That business manager had to go to college and work his way up to the title.

That ad man really has connections and a record of winners.

That bookkeeper/CPA knows accounting like we know plumbing.

Warehousemen really do know things that we don't.



Richard Hilliard said:


> Why did all those companies fail? Not enough work? What did they do with the opportunity they had? What happened to the older company’s customer base? Why did they leave? Surely there are companies that are thriving. 2 of the top reasons why companies fail: no working cash and poor business decisions. Location has nothing to do with either of those reasons.
> 
> Back in October I went back to Ohio; keep in mind I was back in Ohio in 2011. My father was in plumbing and I had a company there for 15 years. I have many contacts. Half of my old contacts have closed shop. Half of them closed due to no longer having the energy to reorganize.2 of these companies had well over 50 trucks running prior to 2008. When companies close the employees must do something. Many started their own business and they will fail also.
> 
> Why? They lose work to too many unqualified and unlicensed personnel. They lose water heaters for 50 bucks to handymen and unemployed people. They cannot influence the home owner to use them for 50 bucks more. That is insane. I was talking to 1 plumber and a customer walked into his shop he said this guy just bought 2 ADA elongated toilets from him. I asked him why this customer bought elongated Ada toilets from him. His reply, the customer wanted them. I asked if I could talk with this customer for a minute and find out why he bought them. Pete was pleasantly surprised why the customer purchased the toilets. Want had very little to do with the toilet purchase. Simple concept yet bypassed by many and this is why homeowners move to the unlicensed and unqualified. Why should someone pay more for no difference?

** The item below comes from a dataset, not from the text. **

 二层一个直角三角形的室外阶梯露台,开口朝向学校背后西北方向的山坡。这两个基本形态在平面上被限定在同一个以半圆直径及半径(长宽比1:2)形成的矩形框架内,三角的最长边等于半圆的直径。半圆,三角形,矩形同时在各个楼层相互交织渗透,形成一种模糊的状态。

These are different times, to be sure. We tend to blame ourselves, but that saying "It's the economy, stupid" is very, very true.


----------



## Phat Cat (Apr 1, 2009)

Plumber said:


> Or the common sense to hire someone to do those things. It can be a few hours a week.
> 
> We complain about the hacks and DIYs, but we think we can do everything in business because we got a computer.
> 
> ...


Excellent points. Someone can always hire the expertise that is needed. The sad fact is, most start on a shoe string budget, and there is no money to pay for the knowledge / expertise.


----------



## Plumber (Jan 18, 2009)

Phat Cat said:


> Excellent points. Someone can always hire the expertise that is needed. The sad fact is, most start on a shoe string budget, and there is no money to pay for the knowledge / expertise.

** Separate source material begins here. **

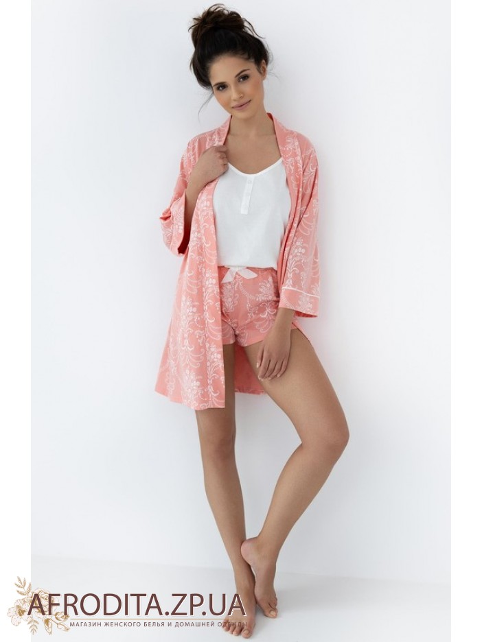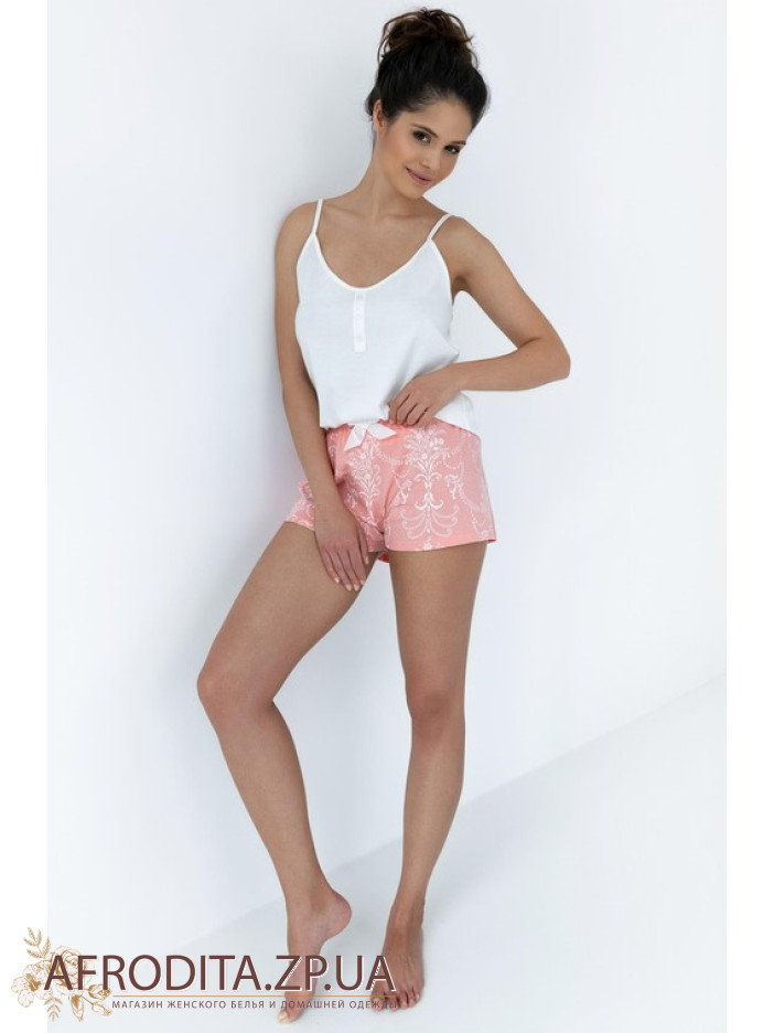 Жіноча піжама з шортами Sensis Scarlett з високоякісної бавовни. У комплект входить майка на тонких бретелях та коротких шортах на резинці з білим бантиком.

Bookkeepers are cheaper than a Craigslist plumber. For $50.00 a month you can get the books done.

Ad men come with the places you advertise in. Some of the salesman I've dealt with had decades of ad experience and are very willing to help you in exchange for your business.

Business managers.....many CPAs qualify for that and can be used for a sounding board before you buy that $10k jetter.

So why don't plumbers avail themselves of other people's services? (That's a question).


----------



## Phat Cat (Apr 1, 2009)

Plumber said:


> Bookkeepers are cheaper than a Craigslist plumber. For $50.00 a month you can get the books done.


In both cases, you do get what you pay for.



> Ad men come with the places you advertise in. Some of the salesman I've dealt with had decades of ad experience and are very willing to help you in exchange for your business.


Good point!



> Business managers.....many CPAs qualify for that and can be used for a sounding board before you buy that $10k jetter.


Good CPA's - How does one find a good CPA? Your average plumber does not necessarily have the connections or knowledge to know who is good and who isn't.



> So why don't plumbers avail themselves of other people's services? (That's a question).


I could venture a guess, but I don't want to have to duck and run. :no:


----------



## Plumber (Jan 18, 2009)

Phat Cat said:


> In both cases, you do get what you pay for.
> 
> Good point!
> 
> ...


Plumbers could use Angies List to find these services.

The plumbers who know their limitations, are willing to admit it and hire people to do things, are the ones that succeed. Every single successful company has a battalion of outside consultants.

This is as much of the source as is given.